I think he's actually a musical genius, so I'm prejudiced, perhaps. Ok, and so are a bunch of the other people mentioned in this thread!


----------



## Hoopyfrood

JohnG said:


> I have to agree at least with @Hoopyfrood . His most popular scores are not so innovative, maybe, but are we neglecting "Dolores Claiborne?" (maybe I am too!) I remember at the time thinking, "wow -- that's not the Danny E we've heard before." And the daring it took to write Edward Scissorhands -- pretty audacious.
> 
> I think he's actually a musical genius, so I'm prejudiced, perhaps. Ok, and so are a bunch of the other people mentioned in this thread!


Also, can you really be influential without being innovative? You have to have done something to make people want to copy you. My fave of his is the Beetlejuice theme and I haven't heard anything like it before or since. Also four people picked John Williams, as talented as he is and as fantastic scores as he's written his whole appeal was that he was capable of sounding like the scores of the golden age of cinema.


----------



## JohnG

Hoopyfrood said:


> ....Also four people picked John Williams, as talented as he is and as fantastic scores as he's written his whole appeal was that he was capable of sounding like the scores of the golden age of cinema.


At his greatest, I think JW brought a heck of a lot more than that, but I still get your point.

Mr. Williams in some scores -- I'm thinking at the moment of "Minority Report" -- he brought together the best of the golden age yes, but a lot more intuition and playfulness than just that. There's that amazing piece when the mechanical spiders are set loose and it just comes out of nowhere, certainly not an homage to days gone by.


----------



## KEM

Ludwig Göransson, duhhhh


----------



## LamaRose

Goldsmith. The range/orchestrions of his scores is unequaled, imho. Sans Goldsmith, there is no Zimmer/modern composer. But Morricone is right up there too.


----------



## LamaRose

JohnG said:


> Mr. Williams in some scores...


Wiliams will be remembered far in the future where most others, unfortunately, will be forgotten... the brilliance of "simple" melody.


----------



## dcoscina

Okay folks, I changed the option to include your 3 choices!

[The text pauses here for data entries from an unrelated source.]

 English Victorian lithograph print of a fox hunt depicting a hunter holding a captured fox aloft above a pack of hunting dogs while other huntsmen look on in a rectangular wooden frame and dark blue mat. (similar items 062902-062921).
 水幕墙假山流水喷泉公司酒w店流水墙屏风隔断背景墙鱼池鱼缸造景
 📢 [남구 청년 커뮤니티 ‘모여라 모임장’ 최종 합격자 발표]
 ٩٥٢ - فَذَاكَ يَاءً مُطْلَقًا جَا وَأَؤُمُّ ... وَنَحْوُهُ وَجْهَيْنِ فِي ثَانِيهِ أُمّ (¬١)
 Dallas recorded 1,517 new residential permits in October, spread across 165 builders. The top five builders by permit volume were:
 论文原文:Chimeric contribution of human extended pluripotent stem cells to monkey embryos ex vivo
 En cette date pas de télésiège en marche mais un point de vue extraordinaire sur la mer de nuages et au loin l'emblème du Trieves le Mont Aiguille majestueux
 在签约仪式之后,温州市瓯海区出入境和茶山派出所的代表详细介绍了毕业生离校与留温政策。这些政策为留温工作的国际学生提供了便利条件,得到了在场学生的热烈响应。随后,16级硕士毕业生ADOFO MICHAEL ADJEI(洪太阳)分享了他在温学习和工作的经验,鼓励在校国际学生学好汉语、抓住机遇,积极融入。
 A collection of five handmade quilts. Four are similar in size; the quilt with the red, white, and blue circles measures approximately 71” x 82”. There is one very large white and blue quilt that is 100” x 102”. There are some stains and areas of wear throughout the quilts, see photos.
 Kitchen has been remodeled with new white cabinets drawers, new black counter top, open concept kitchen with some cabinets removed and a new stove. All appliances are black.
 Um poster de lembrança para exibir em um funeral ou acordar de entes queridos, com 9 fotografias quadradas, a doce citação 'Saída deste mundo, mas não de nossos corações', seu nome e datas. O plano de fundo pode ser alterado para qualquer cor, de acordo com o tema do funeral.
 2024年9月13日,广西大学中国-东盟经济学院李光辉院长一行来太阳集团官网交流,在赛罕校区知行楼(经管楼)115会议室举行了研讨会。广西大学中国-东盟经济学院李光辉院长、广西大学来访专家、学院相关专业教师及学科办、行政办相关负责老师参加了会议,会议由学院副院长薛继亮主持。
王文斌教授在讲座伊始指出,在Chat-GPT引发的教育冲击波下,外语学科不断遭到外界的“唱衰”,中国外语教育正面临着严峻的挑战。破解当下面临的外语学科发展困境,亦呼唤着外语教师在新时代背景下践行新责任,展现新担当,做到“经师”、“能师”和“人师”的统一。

I couldn't really decide between Herrmann, Goldsmith and Prokofiev so I opened up the voting!


----------



## cmillar

dcoscina said:


> Okay folks, I changed the option to include your 3 choices! I couldn't really decide between Herrmann, Goldsmith and Prokofiev so I opened up the voting!


Those 3 composers for sure!

I love what James Horner did in his scores, and you can hear the influence of these 3 in a lot of his music....totally influenced by them right down to musical quotes that became part of Horner's 'signature'.

As Stravinsky said (?): "... a great composer doesn't borrow from others, he steals and makes it part of his own style" (....or something like that?)


----------



## I like music

Don't be sleeping on Goldsmith's mastery of a catchy melody. There's at least one per film (probably a couple for half of them) and the last time I checked, he'd scored some 500,000 films.


----------



## Project Anvil

I guess the answer depends on along which lines the innovation occurred. I voted for Herrmann because I was thinking of innovation in the sense of unusual orchestrations/combinations of instruments. If you measure along lines of technology and/or having a big impact of modern films then obviously Hans Zimmer should top the polls.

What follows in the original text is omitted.